( An excerpted version of this review originally appeared in LOLA #13, Fall 2002;
this unedited review text has been provided to the artist by the author. )

Mark Laliberte - Teenage DNA
Common Ground (Windsor, ON)
May 10 - 22, 2002

(Review by David Morand)

As a collage artist, Mark Laliberte has the unique ability to constantly reinvent himself. The last time I saw his work, he had created a series of near-photographic posthuman paper doll portraits in stark black & white that seemed focused on a rip-and-tear process left purposefully visible. A year later, he's back with a new body of work, this time an ultra-clean full colour conceptual piece entitled Teenage DNA, a project that revels in its own razor sharp precision. For this series, one work was created each week throughout all of 2001, oddly enough totalling 53 pieces, specifically corresponding to the number of Mondays in that year.
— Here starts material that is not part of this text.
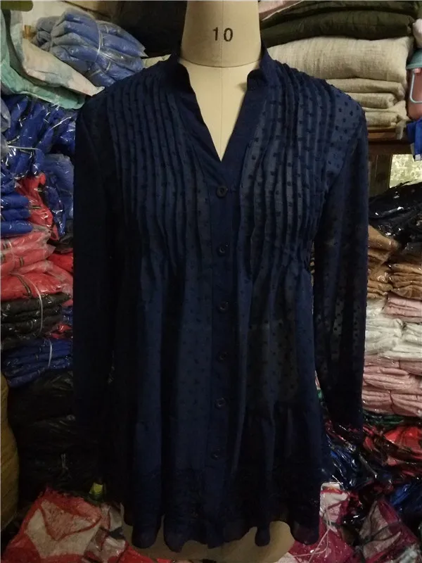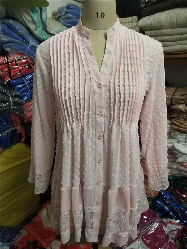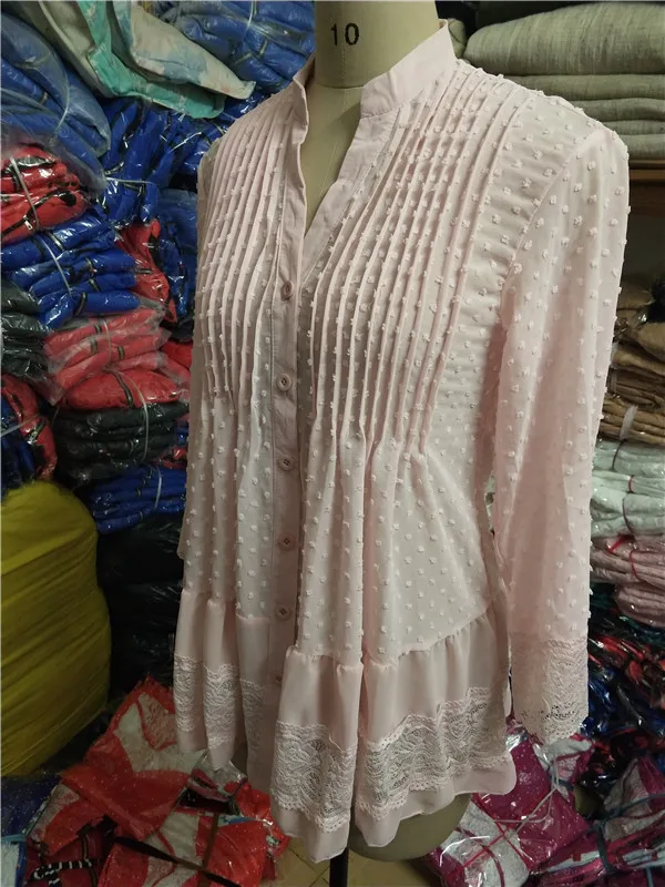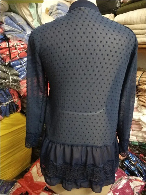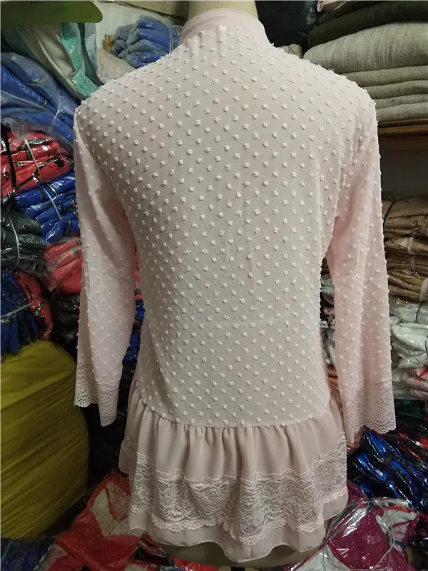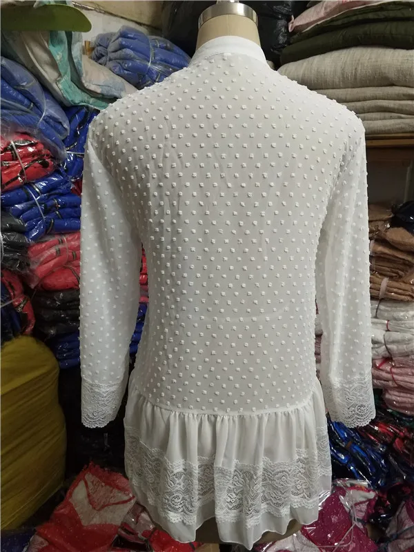 2021 Lace polka-dot splicing comfortable long sleeves loose large size shirt loose casual V-neck top

This structural timeline has been emphasized when the work was finally presented in Common Ground for its first complete viewing, laid out as a visual calendar in a massive and rather lop-sided set of four seasonal grids (damn that occasional fifth Monday in the month!) Each collage was created directly onto the interiors of those small metal cartridges that are left over when you shoot off Polaroid film, acting as a repetitive framing structure/panel border for these rather visceral little scenes. Despite a wide mix of source material, a visual resonance exists throughout the entire body of work that is at times remarkable. Laliberte manages to create small interconnected scenic images that are simple yet lush, with a range of abstract thoughts and half-hidden meanings laced throughout. Narrative threads weave through the calendar with a dry, dark sense of humour present at all times, though no actual linear storyline surfaces in the traditional sense of narrative. Occasionally, the works reverberate with real life: plane crashes seem to dominate the September/October period, for instance, though the crash motif was already established earlier in the project, seeded into the mix by the artists admitted fear of flying. As an image maker, Laliberte surfaces as a kind of urban surrealist whose vision is deeply rooted in all manner of contemporary sub-culture, and Teenage DNA makes me think of Max Ernst alive today and messing his way through a stack of modern magazines and comics, stripping away all the fluff and cutting into something entirely new.